Rare-event analysis/UQ of catastrophic shifts

Given a sample space Ω, an index set of times T = {0, 1, 2, … } and a state space S, the first passage time, also known as mean exit time or mean escape time, of a stochastic process x_t: Ω × T ↦ Son a measurable subset A ⊆ S is a random variable which can be defined as

$$\tau (\omega ):=\inf \{t\in T| {x}_{t}(\omega )\in S\setminus A\},$$

(24)

where ω is a sample out of the space Ω. One can define the mean escape time from A, which works as the expectation of τ(ω):

$$\langle \tau \rangle :={\mathbb{E}}[\tau (\omega )].$$

(25)

For a n-dimensional stochastic process, as it is the ABM under study, S is typically set to be ${{\mathbb{R}}}^{n}$, and A is usually a bounded subset of ${{\mathbb{R}}}^{n}$. In the case of our local 1D SDE model, the subset A reduces to an open interval (a, b), with the initial condition of this stochastic process x₀ also chosen in this interval.

We discuss two ways for quantifying the uncertainty of the occurrence of those rare-events.
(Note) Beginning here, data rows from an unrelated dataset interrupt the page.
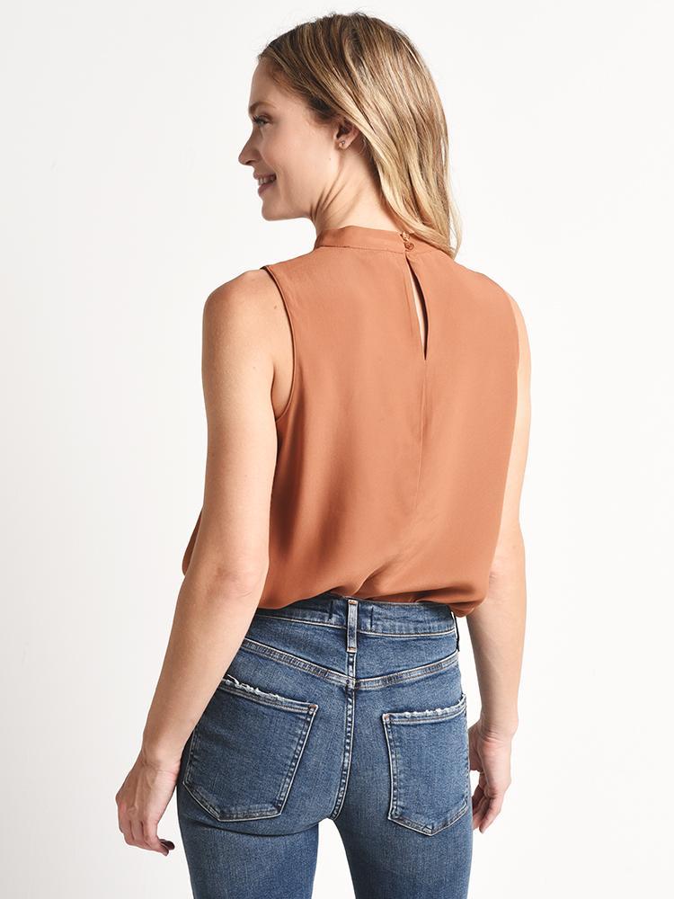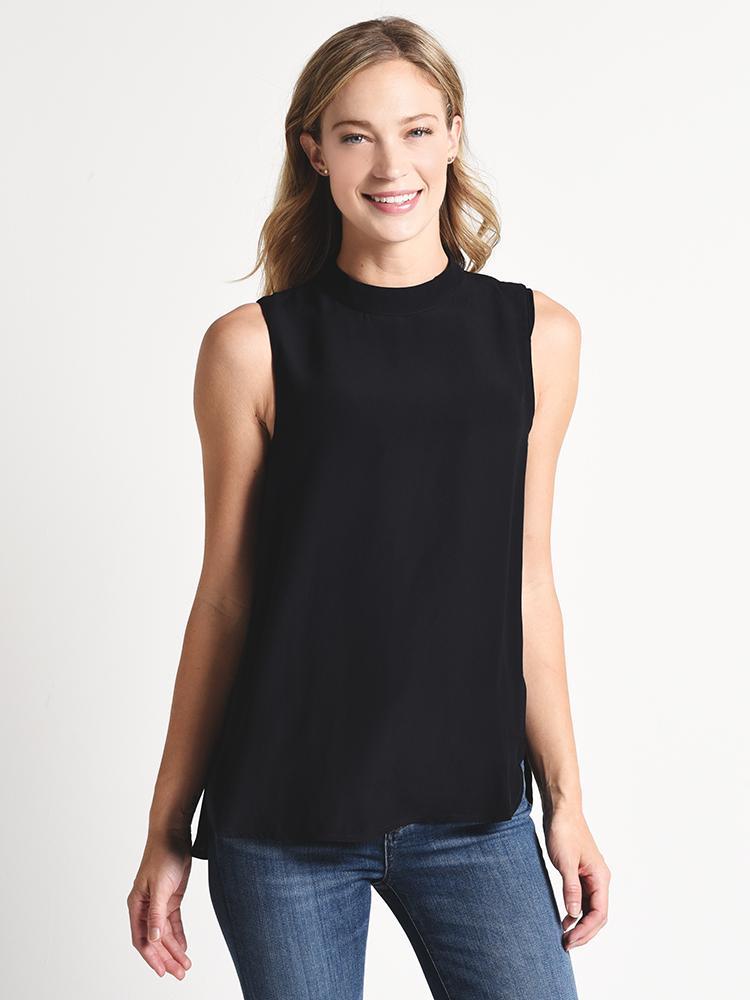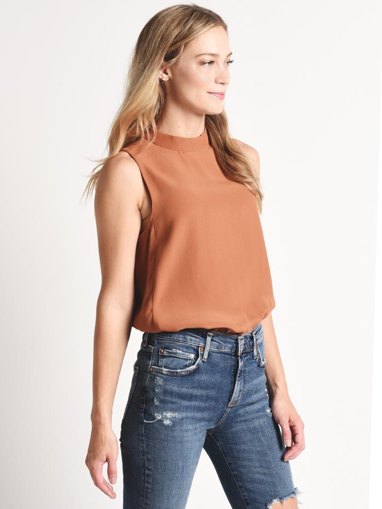 The Naked Zebra Mock Neck Curved Hem Top is a perfect transition into fall.
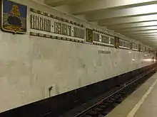 Construida de acuerdo a los estándares de diseño de 1978 y diseñada por el arquitecto Robert Pogrebnoi, la estación cuenta con pilares recubiertos de mármol blanco acentuado con tiras verticales de aluminio anodizado. Las paredes también son de mármol blanco y están decoradas con frisos que contienen los nombres y los escudos de armas de diferentes pueblos y ciudades de la periferia de Moscú.[1]
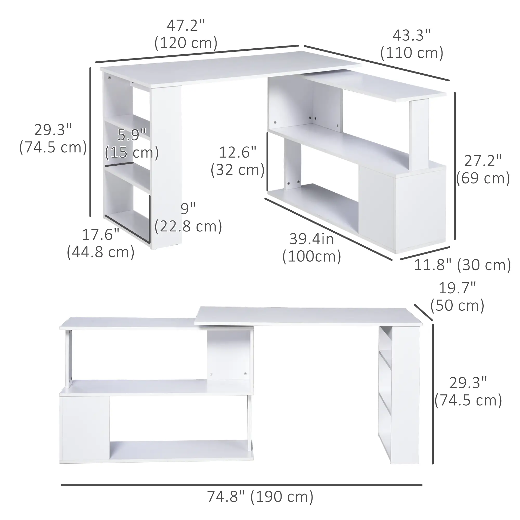 L Shaped Desk, 360° Rotating Corner, Computer Writing Table, White
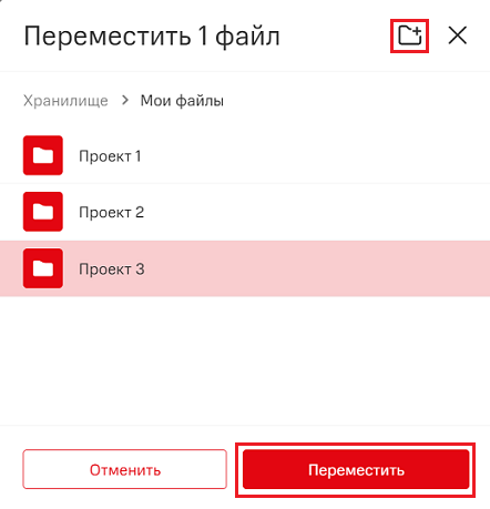 - Перейдите в необходимый раздел/папку файлового хранилища;

The first, presented in the main text, involves direct computational “cheap” temporal simulations of the 1D SDE, where one gets an empirical probability distribution; the second, presented only in section F4 of the Supplementary Information (SI), is a closed-form expression, based on statistical mechanics⁷⁶, for the mean escape time (assuming an exponential distribution of escape times).

Computation of escape times based on temporal simulations of the 1D SDE

We perform numerical integration of multiple stochastic trajectories of the SDE to obtain an estimation of the desired mean escape time. The algorithm for estimating the escape times of a one-dimensional stochastic process with initial condition x₀ on the interval (a, b) can be described as follows:

1.

Given a fixed time step h > 0, we perform i + 1 numerical integration steps of the SDE until a stopping condition, i.e., x_t exits, for the first time t_i+1, the interval at a or b.
2.

Record the time τ = t_i, which corresponds to a realization of the escape time.
3.

Repeat the above steps 1–2 for K iterations, and each time collect the observed escape time.
4.

Compute the statistical mean value of the collected escape times that corresponds to an approximation of the mean escape time.

In our case, the initial condition x₀ was set equal to the stable steady state, and the termination condition a or b at which we consider the dynamics escaped/exploded.